A further note: None of the test points chosen fall outside the convex hull of the embedding. This is deliberate – the inverse transform function operates poorly outside the bounds of that convex hull. Be warned that if you select points to inverse transform that are outside the bounds about the embedding you will likely get strange results (often simply snapping to a particular source high dimensional vector).

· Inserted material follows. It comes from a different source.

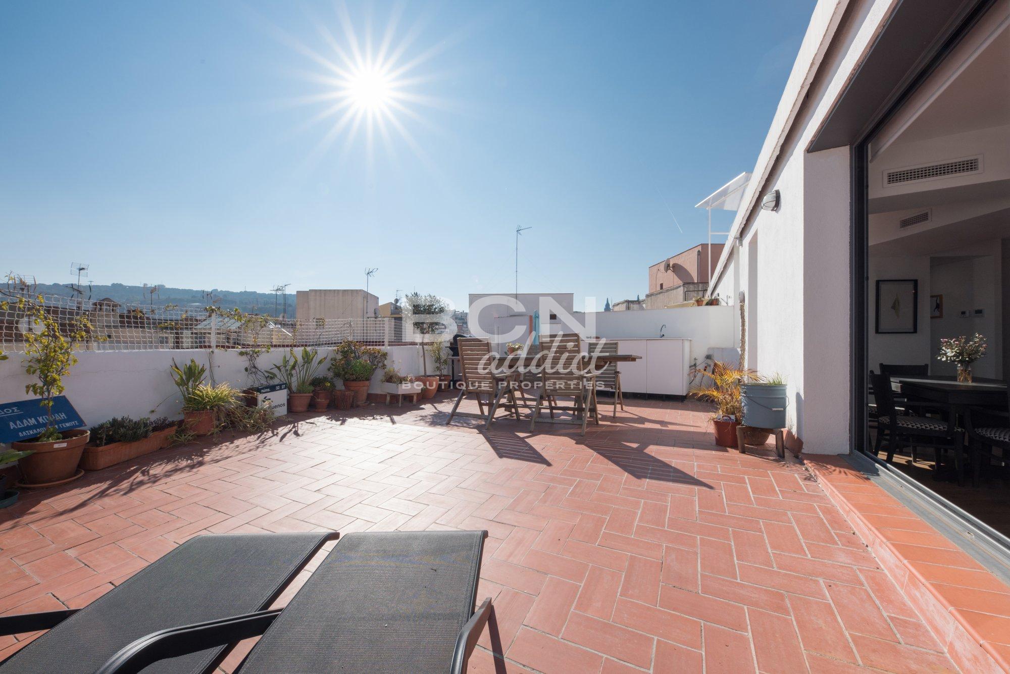 This is a unique opportunity to acquire superb penthouse, recently refurbished, with 2 private terraces on the same level in one of the coolest district of Barcelona.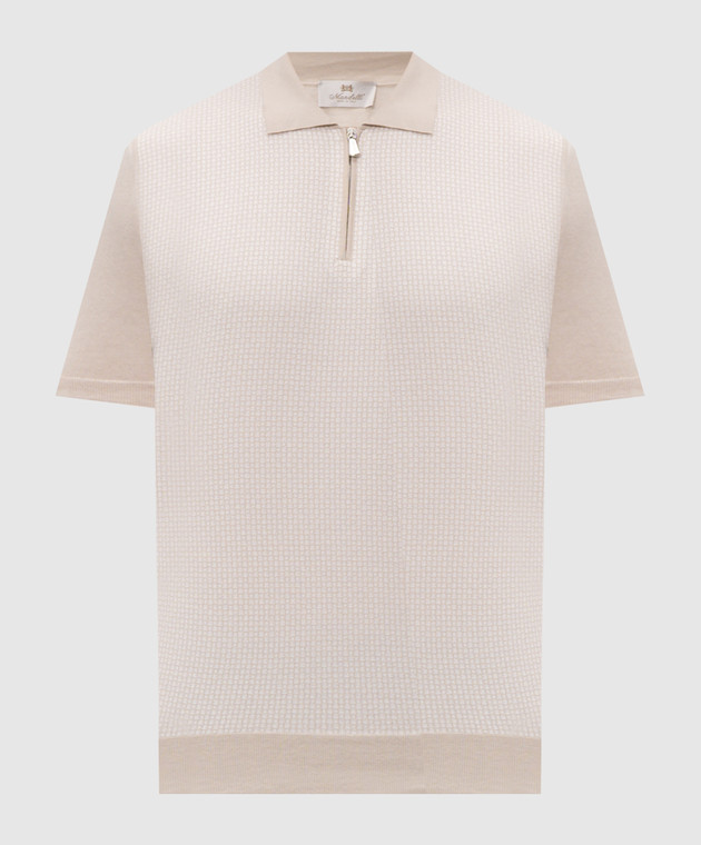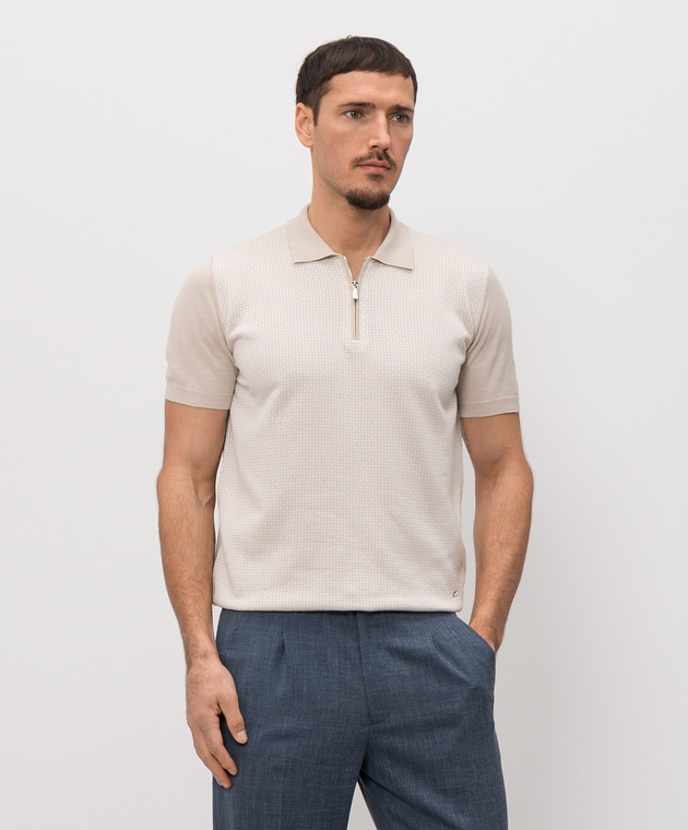 Бежевое поло с шелком в узор

Let’s continue the demonstration by looking at the Fashion MNIST dataset. As before we can load this through sklearn.

```
data, labels = sklearn.datasets.fetch_openml('Fashion-MNIST', version=1, return_X_y=True)
```

Again we can fit this data with UMAP and get a mapper object.

```
mapper = umap.UMAP(random_state=42).fit(data)
```

Let’s plot the embedding to see what we got as a result:

```
umap.plot.points(mapper, labels=labels)
```

Again we’ll generate a set of test points by making a grid interpolating between four corners. As before we’ll select the corners so that we can stay within the convex hull of the embedding points and ensure nothing too strange happens with the inverse transforms.

```
corners = np.array([
[-2, -6], # bags
[-9, 3], # boots?
[7, -5], # shirts/tops/dresses
[4, 10], # pants
])
test_pts = np.array([
(corners[0]*(1-x) + corners[1]*x)*(1-y) +
(corners[2]*(1-x) + corners[3]*x)*y
for y in np.linspace(0, 1, 10)
for x in np.linspace(0, 1, 10)
])
```

Now we simply apply the inverse transform just as before. Again, be warned, this is quite expensive computationally and may take some time to complete.

```
inv_transformed_points = mapper.inverse_transform(test_pts)
```

And now we can use similar code as above to set up our plot of the embedding with test points overlaid, and the generated images.

```
# Set up the grid
fig = plt.figure(figsize=(12,6))
gs = GridSpec(10, 20, fig)
scatter_ax = fig.add_subplot(gs[:, :10])
digit_axes = np.zeros((10, 10), dtype=object)
for i in range(10):
for j in range(10):
digit_axes[i, j] = fig.add_subplot(gs[i, 10 + j])
# Use umap.plot to plot to the major axis
# umap.plot.points(mapper, labels=labels, ax=scatter_ax)
scatter_ax.scatter(mapper.embedding_[:, 0], mapper.embedding_[:, 1],
c=labels.astype(np.int32), cmap='Spectral', s=0.1)
scatter_ax.set(xticks=[], yticks=[])
# Plot the locations of the text points
scatter_ax.scatter(test_pts[:, 0], test_pts[:, 1], marker='x', c='k', s=15)
# Plot each of the generated digit images
for i in range(10):
for j in range(10):
digit_axes[i, j].imshow(inv_transformed_points[i*10 + j].reshape(28, 28))
digit_axes[i, j].set(xticks=[], yticks=[])
```

This time we see some of the interpolations between items looking rather strange – particularly the points that lie somewhere between shoes and pants – ultimately it is doing the best it can with a difficult problem. At the same time many of the other transitions seem to work pretty well, so it is, indeed, providing useful information about how the embedding is structured.